Using the records below, write out again exactly the lines that begin at the line containing "1、打开进入游戏,玩家直接进入游戏短片式的游戏过程中,面对黑白世界与一群小人" and end at the line containing "Die Lieferung erfolgt", and no other lines.

● **Extracted material**
*** Begin section ***
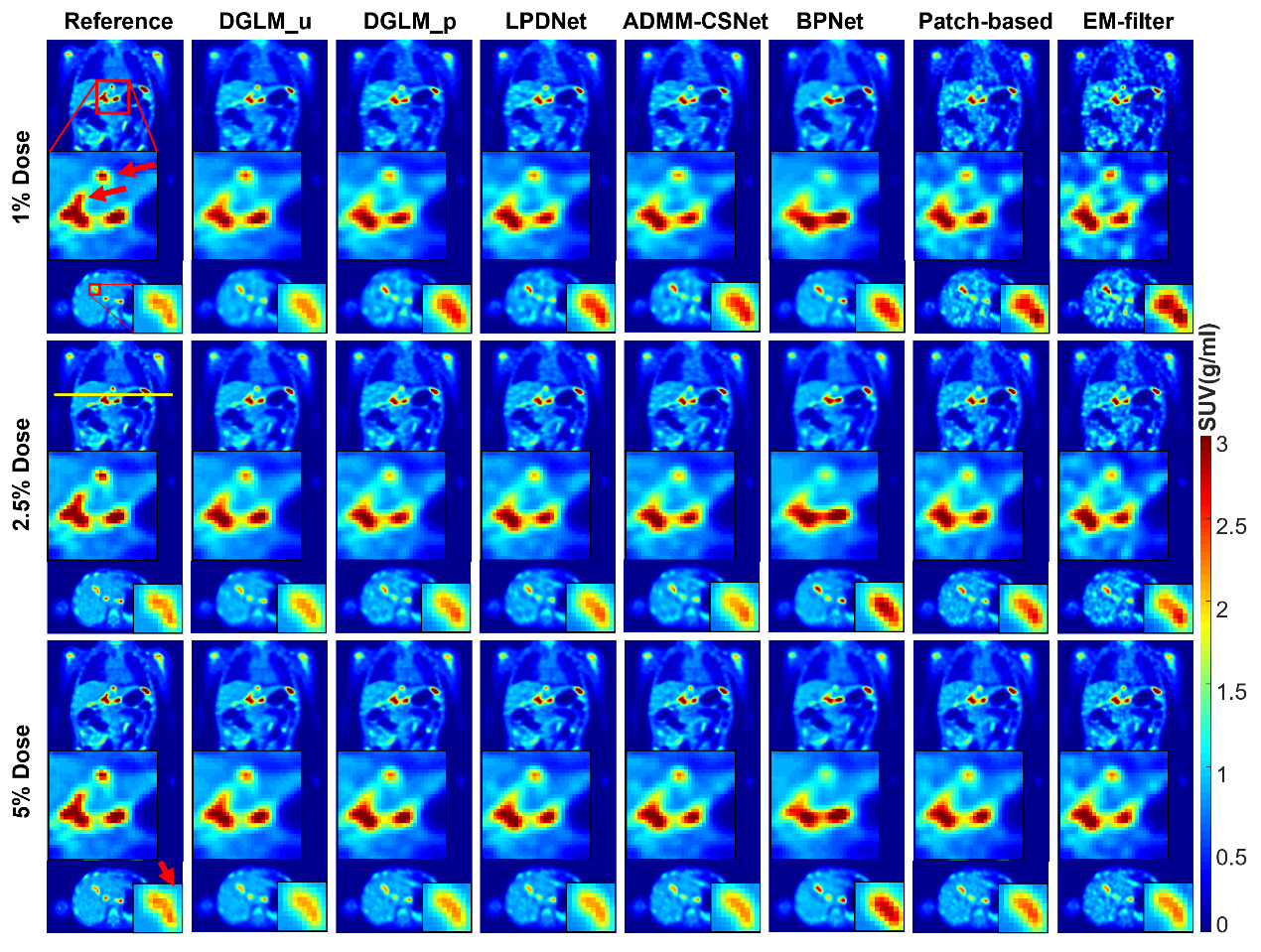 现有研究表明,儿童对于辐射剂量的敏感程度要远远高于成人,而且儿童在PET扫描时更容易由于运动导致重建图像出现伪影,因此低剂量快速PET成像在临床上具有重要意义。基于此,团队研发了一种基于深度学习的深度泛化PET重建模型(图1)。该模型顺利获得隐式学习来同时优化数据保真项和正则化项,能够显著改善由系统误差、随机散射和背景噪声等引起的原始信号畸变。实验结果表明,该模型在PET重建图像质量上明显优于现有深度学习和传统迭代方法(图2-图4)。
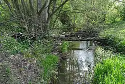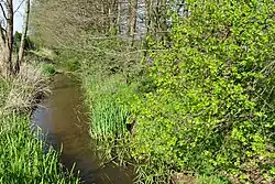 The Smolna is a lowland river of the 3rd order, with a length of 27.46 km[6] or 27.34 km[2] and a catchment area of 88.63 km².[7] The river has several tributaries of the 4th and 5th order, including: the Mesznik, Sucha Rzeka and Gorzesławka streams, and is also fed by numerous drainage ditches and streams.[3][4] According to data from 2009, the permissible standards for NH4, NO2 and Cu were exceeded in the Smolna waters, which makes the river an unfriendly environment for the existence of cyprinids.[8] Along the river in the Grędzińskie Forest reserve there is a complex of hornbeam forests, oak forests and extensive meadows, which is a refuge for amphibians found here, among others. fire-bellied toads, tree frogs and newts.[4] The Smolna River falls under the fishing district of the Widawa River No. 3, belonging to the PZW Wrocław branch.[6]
*** End section ***
*** Begin section ***
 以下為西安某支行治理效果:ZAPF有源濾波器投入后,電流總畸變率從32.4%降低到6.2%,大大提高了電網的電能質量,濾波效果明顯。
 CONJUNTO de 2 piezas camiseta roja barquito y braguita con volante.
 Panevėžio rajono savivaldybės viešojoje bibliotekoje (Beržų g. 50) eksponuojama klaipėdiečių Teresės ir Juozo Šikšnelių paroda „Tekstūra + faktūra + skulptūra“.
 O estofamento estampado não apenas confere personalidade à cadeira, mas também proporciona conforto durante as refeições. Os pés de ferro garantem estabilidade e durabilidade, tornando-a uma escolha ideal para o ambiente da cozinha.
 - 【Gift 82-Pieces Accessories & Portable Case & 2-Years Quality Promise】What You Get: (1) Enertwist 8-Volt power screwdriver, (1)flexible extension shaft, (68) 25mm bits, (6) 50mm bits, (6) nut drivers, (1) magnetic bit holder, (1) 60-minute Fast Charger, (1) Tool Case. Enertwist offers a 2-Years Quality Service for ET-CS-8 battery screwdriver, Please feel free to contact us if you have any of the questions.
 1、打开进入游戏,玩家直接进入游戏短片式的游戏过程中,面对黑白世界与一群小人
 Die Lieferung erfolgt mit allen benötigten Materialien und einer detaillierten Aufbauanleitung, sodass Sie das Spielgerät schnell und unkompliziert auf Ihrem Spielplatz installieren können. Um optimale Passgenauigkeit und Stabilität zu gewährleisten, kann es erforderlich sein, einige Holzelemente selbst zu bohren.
*** End section ***
● **Result of the task**
 1、打开进入游戏,玩家直接进入游戏短片式的游戏过程中,面对黑白世界与一群小人
 Die Lieferung erfolgt mit allen benötigten Materialien und einer detaillierten Aufbauanleitung, sodass Sie das Spielgerät schnell und unkompliziert auf Ihrem Spielplatz installieren können. Um optimale Passgenauigkeit und Stabilität zu gewährleisten, kann es erforderlich sein, einige Holzelemente selbst zu bohren.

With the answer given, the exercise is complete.